Does anyone have a counterexample to the following conjecture?
Conjecture:
Suppose that the terms $a_{n}$ is a sequence of rational numbers and further that for all real numbers $r$, there are infinitely many $a_{n}$ with $\frac{a_{n+1}}{a_{n}} \neq r$. This means, in particular that the sequence is NOT geometric. Then, the series
$$\sum_{n=1}^{\infty} a_{n}$$
either diverges or converges to an irrational number.
If this statement conjecture were true, it would imply that $\zeta(2n+1)$ is irrational for all $n \in \mathbb{Z}^{+}$, which (I believe) is still an open problem.

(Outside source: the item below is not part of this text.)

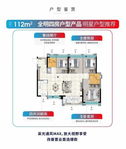 ✅ 建面约112㎡四房两卫:二胎家庭理想配置

I know there are some results that say that if $a_{n}$ is a sequence of integers that grows fast enough, then $\sum_{n=1} \frac{1}{a_{n}}$ is an irrational number, cf. results from Erdos and Strauss in the following paper
A derivative of an geometric power series answer your question. $$\sum_{n=0}^\infty x^n= \frac{1}{1-x} \Rightarrow \sum_{n=0}^\infty nx^{n-1}= \frac{1}{(1-x)^2}$$ in particular $$\sum_{n=0}^\infty \frac{n}{2^{n-1}}= \frac{1}{(1-\frac{1}{2})^2}=4$$ is a sequence of rational numbers converging to an rational number. Also taking $a_n=\frac{n}{2^{n-1}}$, we have $$\frac{a_{n+1}}{a_n}= \frac{1}{2} + \frac{1}{2n}$$ which is different from any real number infinitely many times.